The diagram shows a nest of 4 squares set one within another. The side of the outer most square is 20 cm. The midpoints of the sides are joined to give a second square, and the process is repeated to give the third and fourth squares. Find the length of a side of the smallest square.

Given, squares are formed joining mid-points of square ABCD.

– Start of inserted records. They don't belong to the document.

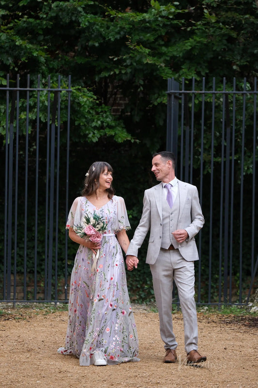 Robes de mariée en tulle floral gris pour la photographie VW2100
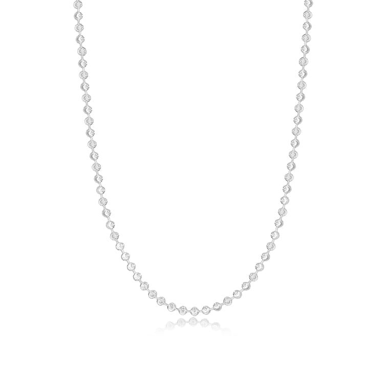 The Mona Chain is a delicate beaded necklace that adds subtle sophistication to any look. Crafted from sterling silver bonded with platinum, its fine bead design offers a minimalist yet elegant style, perfect for layering or wearing on its own. Measuring 20 inches in length and secured with a lobster clasp.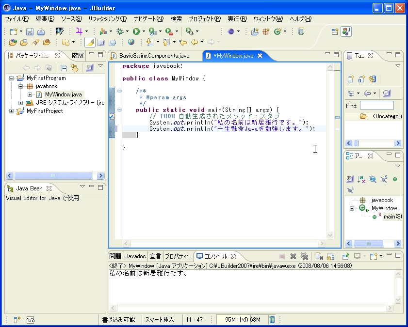 1行1行の区切り、つまり改行をEnterキーで入力するのは、普通にワープロなどの作業を行っているときと同様です。Javaのプログラムでは、1つのプログラムのまとまりを、パッと見てわかりやすくするために、インデントをかけます。このプログラムだと、3〜6行目が1つの固まりで、4、5行目がさらにその固まりの中の1つの固まりであるというようなことが目で見て判別しやすくなります。プログラムに独特の記述方法ですが、追々慣れていってください。このインデントはTabないしはスペースを使います。ただし、全角のスペースはダメです。改行すると、前の行と同じだけのインデントが必ず設定されるようになっているので、必ずしもすべての行でTabキーでインデントを設定する必要はありません。場合によってはTabやスペースを削除して、インデントを少なくする必要もあるかもしれません。いずれにしても、表示される結果を見ながら、プログラムを入力していってください。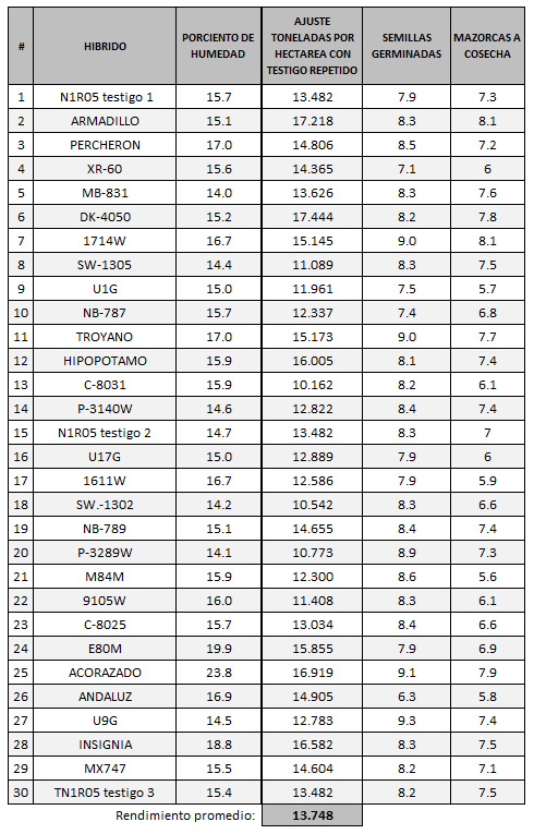 Cuadro 1. Rendimientos por híbrido de maíz blanco, ciclo agrícola 2018-2019.

AE = AH = $\dfrac{1}{2}$ × AB = $\dfrac{1}{2}$ × 20 = 10 cm.

In square ABCD,

∠A = 90°

By Pythagoras theorem,

Hypotenuse² = Perpendicular² + Base²

In triangle AEH,

⇒ EH² = AE² + AH²

⇒ EH² = 10² + 10²

⇒ EH² = 100 + 100

⇒ EH² = 200

⇒ EH = $\sqrt{200} = \sqrt{2 \times 100}$

⇒ EH = $10\sqrt{2}$ cm.

In square EFGH,

∠E = 90°

EM = EN = $\dfrac{1}{2}$ × EH = $\dfrac{1}{2} \times 10 \sqrt{2} = 5\sqrt{2} \text{ cm.}$

By Pythagoras theorem,

In triangle EMN,

⇒ MN² = EN² + EM²

⇒ MN² = $(5\sqrt{2})^2 + (5\sqrt{2})^2$

⇒ MN² = 50 + 50

⇒ MN² = 100

⇒ MN = $\sqrt{100}$

⇒ MN = 10 cm.

In square MNOP,

∠M = 90°

IM = ML = $\dfrac{1}{2} × MN = \dfrac{1}{2} \times 10 = 5 \text{ cm.}$

By Pythagoras theorem,

In triangle IML,

⇒ IL² = IM² + ML²

⇒ IL² = 5² + 5²

⇒ IL² = 25 + 25

⇒ IL² = 50

⇒ IL = $\sqrt{25 \times 2}$

⇒ IL = $5\sqrt{2}$ cm.

Hence, the length of a side of the smallest square is $5\sqrt{2}$ cm.